What is meant by the word constitution? If we take the standard phrase "the constitution of the United States of America," at a most obvious and literal level, it refers to the document which begins "We the people of the United States . . ." and is signed by George Washington and others. It, of course, also means the framework of laws which that document initiated. But at the same time, the phrase could be taken as the "making" of the United States of America—constitution as a process rather than as a result—the Constitution's signing and its subsequent interpretation and amendment being but part of that process. Equally, one might suggest that the United States of America is constituted—that is, is made up—of fifty states, 3.6 million square miles of territory, 264 million inhabitants, et cetera. Another would be to take the more medical sense—the "physical nature or character of the body in regard to healthiness, strength, vitality, etc." (Oxford English Dictionary). In other words, a diagnostic, a physician's report: an address on the state of the union. This alerts us to the plural sense of the word—legal, political, biological, and medical. 1 [End Page 125]

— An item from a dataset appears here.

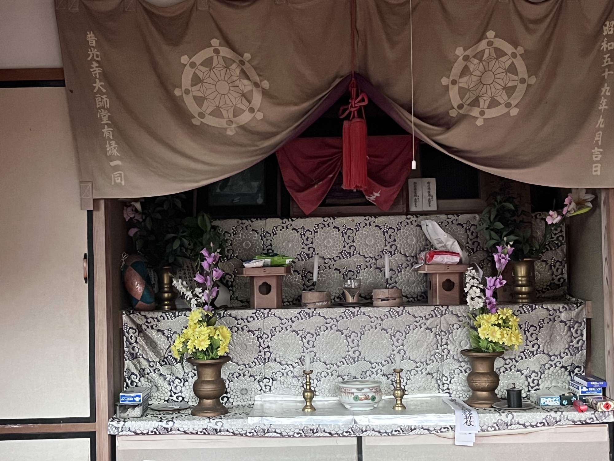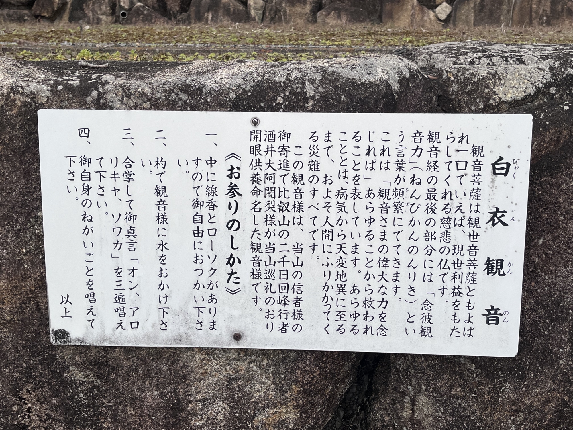 【このとき欅の古木に白雲が覆い、一条の光明が放つを見た。行基菩薩は大いに歓喜し、これは我が有縁の地であると悟り、彼の古木をもって観世音菩薩像を刻み、一寺を建立して白雲山普光寺と号したのが創まりという。】

The word constitution, in this plural sense, plays an important role within Michel Foucault's work. This is particularly true in his 1975–1976 lecture course «Il faut défendre la société» ["Society must be defended," or perhaps "protected"], where he discusses the constitution of the state. In Foucault's work, the notions of the political and medical come together particularly in the concept bio-power, a term that relates both to the politics of constitution and the constitution of politics. 2 Given that bio-power is introduced in the final chapter of the first volume of The History of SexualityLa Volonté de savoir [The will to knowledge]—and that «Il faut défendre la société» is contemporaneous to this book, some interesting parallels can be drawn. Elsewhere I have argued that the most profitable way to read the lecture courses of the mid 1970s (of which only «Il faut défendre la société» and Les Anormaux [The abnormals] are so far published) is "as the most thorough treatment we are likely to get from what would have been in the originally planned set of volumes" of The History of Sexuality. 3 The most relevant of these to «Il faut défendre la société» is the projected sixth and final volume, Population et races (Population and races). Four themes, then—constitution, the state, population, and race—will shape the reading of this course.

One Chapter, Two Lectures

Foucault claimed in a 1977 interview that the final chapter of La Volonté de savoir was frequently neglected in the literature. It would not be wrong to claim the same is true today. Foucault suggested that though [End Page 126] the book was short, he suspected people did not reach the last chapter. "All the same," he remarked, "it is the foundation of the book." 4 In that final chapter, which Daniel Defert claims was the first part to be written, Foucault discusses race, the state, and the right of death and power over life. 5 The final lecture of «Il faut défendre la société» (delivered on 17 March 1976) covers many of the same themes as this chapter (the book was published at the end of 1976). 6 If in La Volonté de savoir the chapter seems somewhat odd, misplaced—which perhaps accounts for its relative neglect in the secondary literature—in «Il faut défendre la société» it is a much more logical conclusion. 7

While the last lecture of this course is familiar material, the first two [End Page 127] lectures are perhaps even better...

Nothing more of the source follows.